After locating the line that holds "廣播 電視臺現(xiàn)場", copy that line and all that follow it word for word through the end of the data, with no pictures.

_MATERIAL PROVIDED_
··········

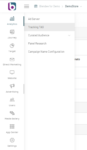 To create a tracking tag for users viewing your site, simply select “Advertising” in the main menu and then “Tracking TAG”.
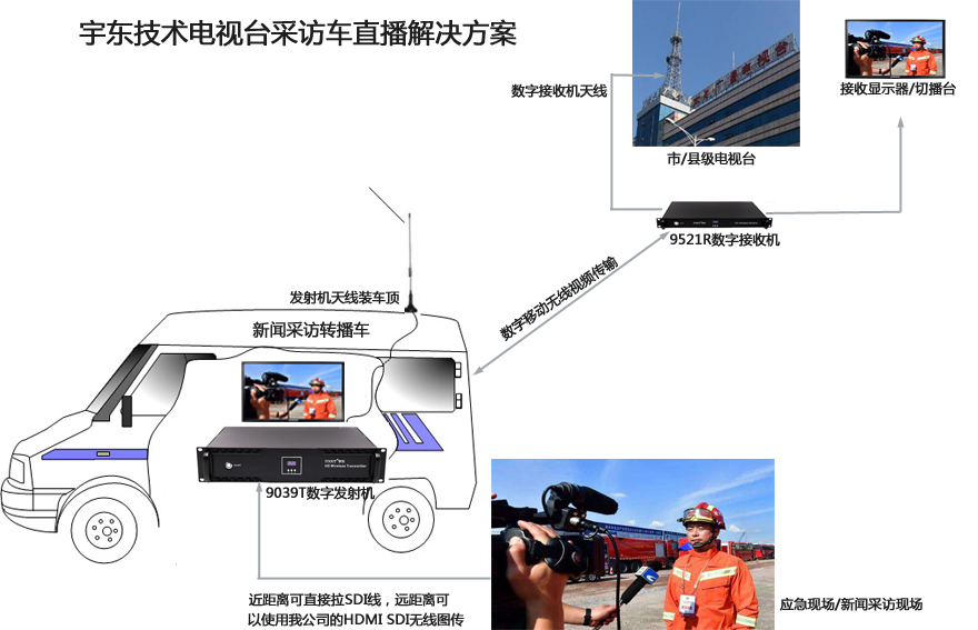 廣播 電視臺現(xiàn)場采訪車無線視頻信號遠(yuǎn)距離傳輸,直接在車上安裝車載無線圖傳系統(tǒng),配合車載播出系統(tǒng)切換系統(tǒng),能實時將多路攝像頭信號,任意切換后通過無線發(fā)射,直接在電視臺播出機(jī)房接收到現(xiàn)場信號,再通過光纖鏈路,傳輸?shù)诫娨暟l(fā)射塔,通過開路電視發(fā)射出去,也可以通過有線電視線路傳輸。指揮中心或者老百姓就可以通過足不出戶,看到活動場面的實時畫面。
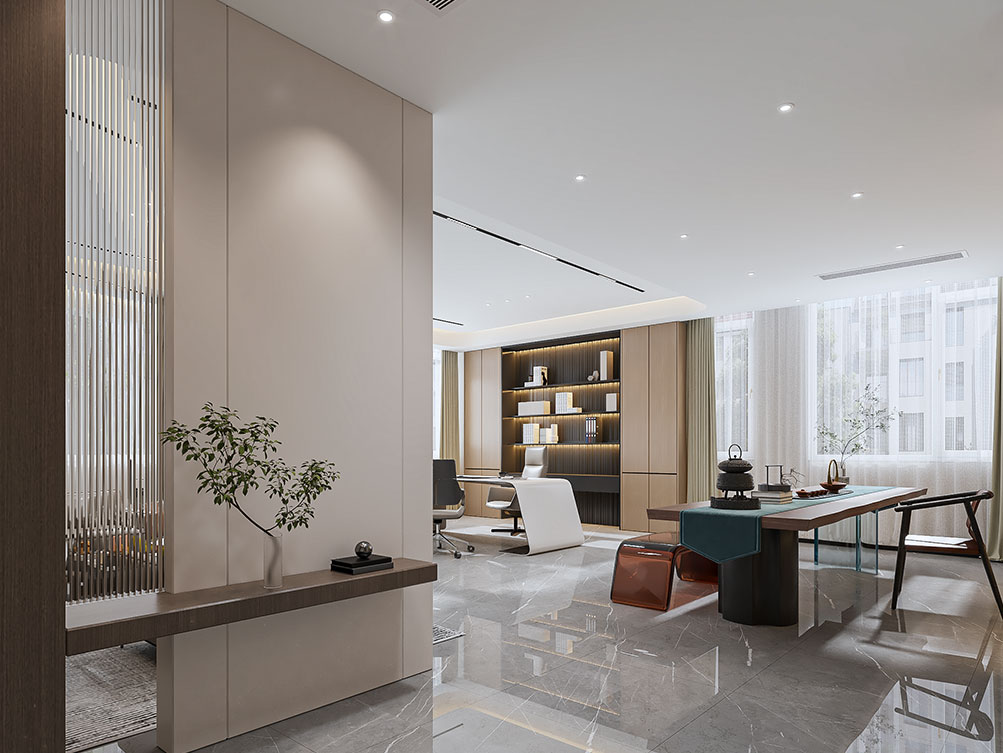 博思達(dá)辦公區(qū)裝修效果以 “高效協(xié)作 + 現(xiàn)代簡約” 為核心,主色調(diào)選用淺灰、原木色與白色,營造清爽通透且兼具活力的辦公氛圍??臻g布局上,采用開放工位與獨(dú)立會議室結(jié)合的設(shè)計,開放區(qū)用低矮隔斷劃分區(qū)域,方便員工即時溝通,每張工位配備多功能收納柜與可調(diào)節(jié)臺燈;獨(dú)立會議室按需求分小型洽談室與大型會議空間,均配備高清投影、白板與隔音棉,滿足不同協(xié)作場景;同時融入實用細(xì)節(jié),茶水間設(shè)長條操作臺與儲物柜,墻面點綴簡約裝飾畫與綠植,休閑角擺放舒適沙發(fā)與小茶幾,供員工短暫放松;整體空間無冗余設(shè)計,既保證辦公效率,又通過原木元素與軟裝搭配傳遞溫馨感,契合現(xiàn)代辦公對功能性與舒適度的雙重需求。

··········

_ANSWER BELOW_
 廣播 電視臺現(xiàn)場采訪車無線視頻信號遠(yuǎn)距離傳輸,直接在車上安裝車載無線圖傳系統(tǒng),配合車載播出系統(tǒng)切換系統(tǒng),能實時將多路攝像頭信號,任意切換后通過無線發(fā)射,直接在電視臺播出機(jī)房接收到現(xiàn)場信號,再通過光纖鏈路,傳輸?shù)诫娨暟l(fā)射塔,通過開路電視發(fā)射出去,也可以通過有線電視線路傳輸。指揮中心或者老百姓就可以通過足不出戶,看到活動場面的實時畫面。
 博思達(dá)辦公區(qū)裝修效果以 “高效協(xié)作 + 現(xiàn)代簡約” 為核心,主色調(diào)選用淺灰、原木色與白色,營造清爽通透且兼具活力的辦公氛圍??臻g布局上,采用開放工位與獨(dú)立會議室結(jié)合的設(shè)計,開放區(qū)用低矮隔斷劃分區(qū)域,方便員工即時溝通,每張工位配備多功能收納柜與可調(diào)節(jié)臺燈;獨(dú)立會議室按需求分小型洽談室與大型會議空間,均配備高清投影、白板與隔音棉,滿足不同協(xié)作場景;同時融入實用細(xì)節(jié),茶水間設(shè)長條操作臺與儲物柜,墻面點綴簡約裝飾畫與綠植,休閑角擺放舒適沙發(fā)與小茶幾,供員工短暫放松;整體空間無冗余設(shè)計,既保證辦公效率,又通過原木元素與軟裝搭配傳遞溫馨感,契合現(xiàn)代辦公對功能性與舒適度的雙重需求。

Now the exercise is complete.